Konjunkturbedingt werden aktuell allenthalben Arbeitsplätze reduziert. Es kommt zu Entlassungen, manchmal aber nur zu Arbeitszeitreduzierungen. Um einer Kündigung zu entgehen, stimmen Arbeitnehmer gelegentlich einer Abänderung des bisherigen Arbeitsvertrages zu und erhalten für die dauerhafte Reduktion der Wochenarbeitszeit eine Entschädigung. Fraglich ist nun, ob diese Teilabfindung die Vergünstigungen nach § 24 in Verbindung § 34 EStG erhält.
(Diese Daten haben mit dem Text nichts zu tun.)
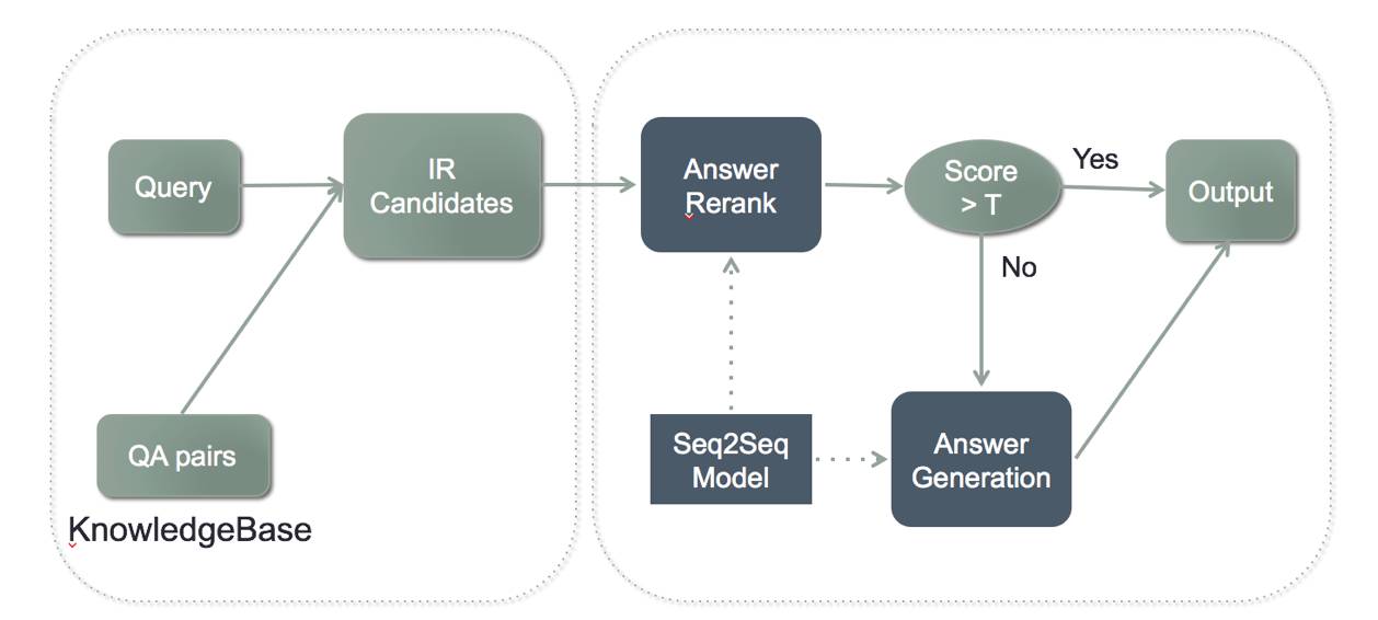 因此在阿里小蜜的聊天引擎中,我们结合了两者各自的优势,将两个模型进行了融合形成了阿里小蜜聊天引擎的核心。先通过传统的检索模型检索出候选集数据,然后通过Seq2Seq Model对候选集进行Rerank,重排序后超过制定的阈值就进行输出,不到阈值就通过Seq2Seq Model进行答案生成,整体流程图16:

Zu derartigen Vorgängen gab es bisher keine höchstrichterliche Entscheidung.
Der BFH, die Finanzverwaltung, geht davon aus, dass eine ermäßigte Besteuerung von Entschädigungen oder Abfindungen nur gegeben sein kann, wenn das Arbeitsverhältnis vollständig beendet wird.
Der Bundesfinanzhof hat sich Ende letzten Jahres erstmals mit diesem Thema befasst und ist zum Ergebnis gekommen, dass eine vollständige Beendigung des Rechtsverhältnisses nicht erforderlich ist. Es muss sich aber bei der Entschädigung für die Reduktion der Arbeitszeit um einen Vorgang handeln, der aufgrund rechtlichen, wirtschaftlichen oder tatsächlich ausgeübten Drucks eingetreten ist. Also die Hinnahme Reduzierung der Wochenarbeitszeit gegen Entschädigung muss vom Arbeitgeber verursacht sein und der Arbeitnehmer muss das Angebot zur Verhinderung weiterer verschlechternder Maßnahmen annehmen. Die Initiative darf also nicht vom Arbeitnehmer ausgehen.